Niektóre z rad na Amber Everywhere są bardzo praktyczne, a niektóre skupiają się na pomaganiu czytelnikom, by zmienić ich nastawienie. Moi czytelnicy są zainteresowani podróżowaniem i pragną to robić w sposób etyczny, który cechuje się wrażliwością kulturową, jest rozległym i przystępnym cenowo. Są podróżnikami świata w głębi duszy, nawet jeżeli jeszcze nie mieli okazji wyjechać za granicę.

Passion Piece: Na co powinien przygotować się każdy, kto chciałby zacząć podróżować na większą skalę?
Amber: Jeżeli chciałabyś zacząć podróżować na większą skalę, musiałabyś zacząć poważnie liczyć się ze strachem. To on będzie twoim największym przeciwnikiem, ale także twoim najpotężniejszym narzędziem. Pracuj z nim.
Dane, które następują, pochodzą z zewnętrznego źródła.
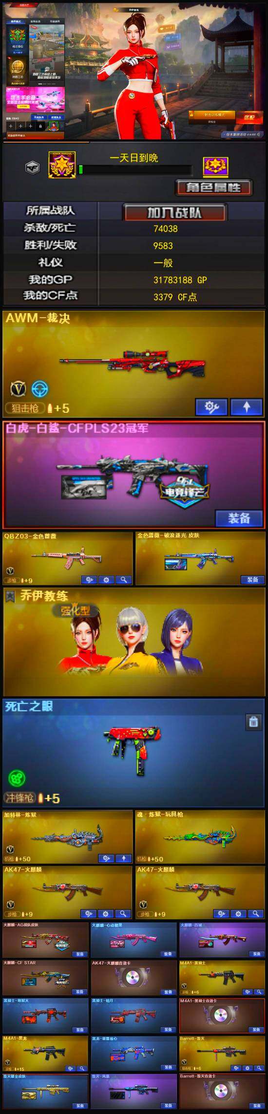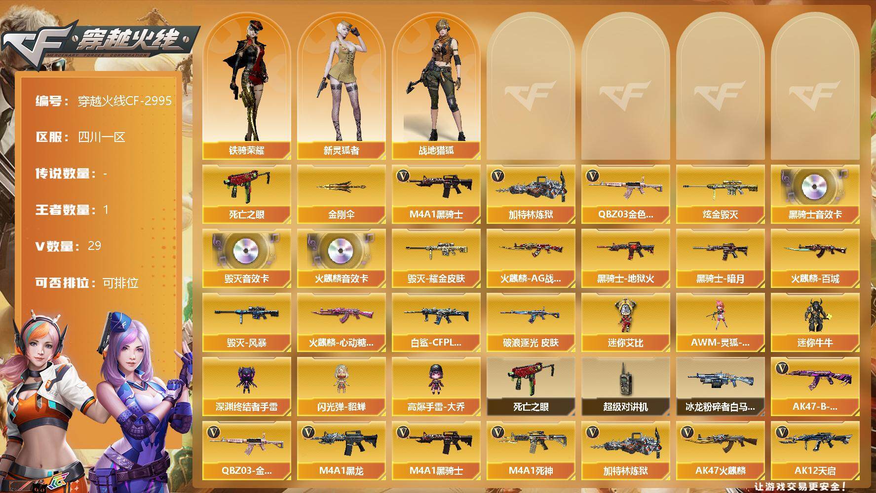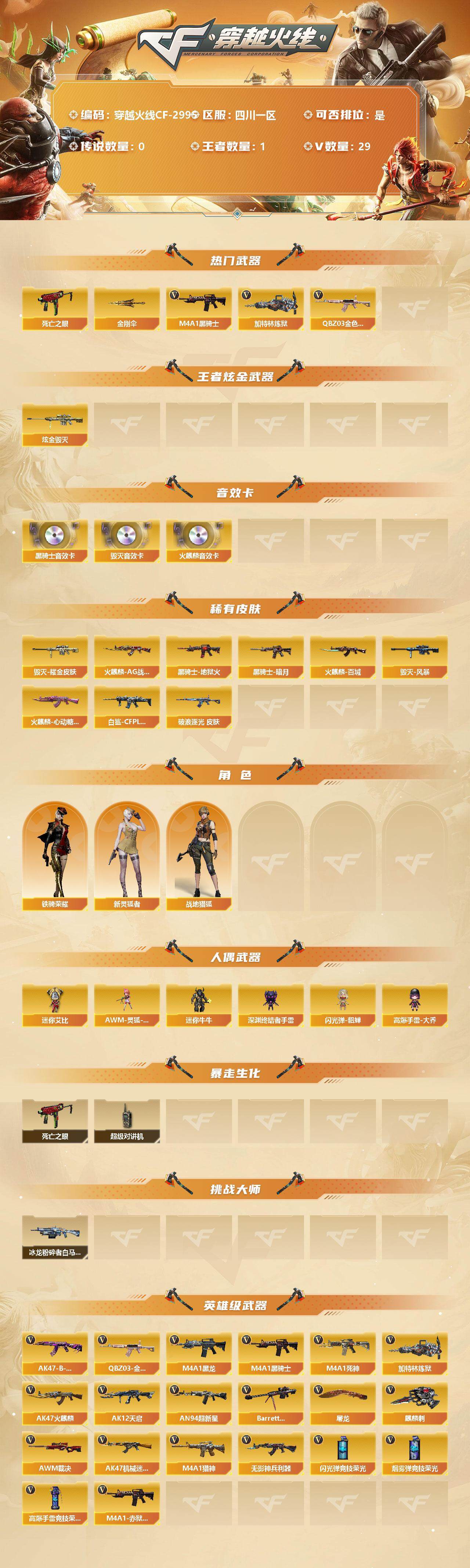 [12842784]四川一区-29V-1王者-2炫金 【热门武器】:QBZ03-金色蔷薇,死亡之眼,M4A1-黑骑士,加特林-炼狱,金刚伞 【王者炫金武器】:炫金毁灭*2 【音效卡】:AK47-火麒麟音效卡,M4A1-黑骑士音效卡,Barrett-毁灭音效卡 【稀有皮肤】:白虎-白鲨-CFPLS23冠军,金色蔷薇-破浪逐光 皮肤,火麒麟-AG战队皮肤,火麒麟-百城,火麒麟-心动糖果,黑骑士-暗月,黑骑士-地狱火,毁灭耀金皮肤,毁灭-风暴 【角色】:战地猎狐,新灵狐者,铁骑荣耀 【人偶武器】:AWM-灵狐-15周年嘉年华,迷你艾比,迷你牛牛,深渊终结者手雷,闪光弹-貂蝉,高爆手雷-大乔 【暴走生化】:死亡之眼,超级对讲机 【挑战大师】:冰龙粉碎者-白马银枪 【英雄级武器】:高爆手雷-竞技荣光,烟雾弹-竞技荣光,闪光弹-竞技荣光,QBZ03-金色蔷薇,无影-神兵利器,M4A1-黑龙,M4A1-黑骑士,M4A1-死神,加特林-炼狱,AK47-火麒麟*2,AK12-天启*2,AN94-超新星,Barrett-毁灭,AWM-裁决,AK47-机械迷城,M4A1-猎神,AK47-B-常胜将军,M4A1-赤狱骑士,麒麟刺*2,屠龙*2 【特殊枪械】:1黑骑士,1炼狱

Strach istnieje, by pomóc nam chronić nas samych, ale niestety nie wie, kiedy się zatrzymać. Chcesz mieć strach po swojej stronie, ponieważ to on będzie ci mówił: „Prawdopodobnie nie powinnaś rozmawiać z tą osobą.” lub „ Myślę, że powinnam iść szybciej, to miejsce nie wydaje się być bezpiecznym.” To jest przydatne!
Chodzi o to, że strach może manifestować się również jako samo-krytyczne głosy: „ Nie jesteś wystarczająco dobra.” lub „ Inni ludzie robią to dłużej niż ty.” czy „Nie zasługujesz na to.” Te krytyczne głosy również starają się cię chronić, ale nie powiedzie im się, ponieważ ty po prostu zaniechasz swoich działań. Spędź trochę czasu na konsultacjach ze swoją intuicją, tak żebyś mogła stwierdzić różnicę pomiędzy twoim wewnętrznym krytykantem i sprawdź zasadność ostrzeżeń pojawiających się w twojej podświadomości.
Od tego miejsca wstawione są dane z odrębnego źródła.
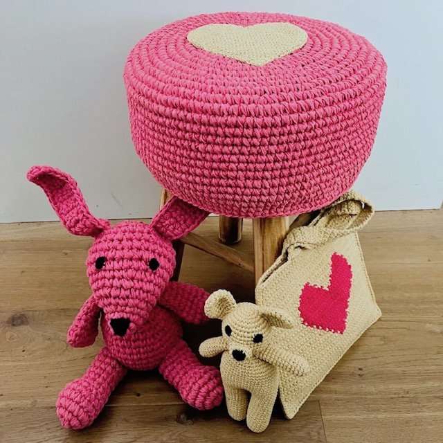 kruk laag met hoes hartroze – katoen & hout – handgehaakt in Nepal

Passion Piece: Jak uniknąć najpopularniejszych podróżniczych błędów?
Amber: Myślę, że najpowszechniejszym błędem podróżniczym jest brak podróżowania. Podróżowanie może wydawać się przerażającym, drogim, czasochłonnym, onieśmielającym, ale mimo tego wszystkiego, chcę aby ludzie podróżowali. Strach jest naprawdę potężną siłą i może przekonać nas do wycofania się z przeżycia danego doświadczenia – jest taki mały głos w naszych umysłach, który mówi: „Co jeśli X pójdzie nie tak?” i nie wiadomo dlaczego jest o wile cichszym niż głos, który mówi: „A co jeśli spróbuję mimo wszystko?”.
Poza tym, większość podróżniczych błędów sprowadza się do bycia źle przygotowanym lub mniej doświadczonym. Nie biczuj się z powodu rzeczy, których nie wiesz, ale staraj się przeprowadzić mały research zanim wyjedziesz! Spakuj się lekko. Weź ze sobą wygodne buty. Zastanów się jakie kluczowe czynności chciałabyś wykonywać każdego dnia, ale pozostaw sobie wiele czasu na zwiedzanie. Kultywuj zamiłowanie do przygody. Stwórz plan jak będziesz zarządzać pieniędzmi, kiedy będziesz za granicą. Bądź odważną i zrób kilka kroków poza swoją strefę komfortu. A ponad wszystko, spędź cudownie czas na zwiedzaniu – jeżeli się uczysz i wzrastasz, a także poznajesz ludzi i widzisz świat, jesteś prawdopodobnie na dobrej drodze.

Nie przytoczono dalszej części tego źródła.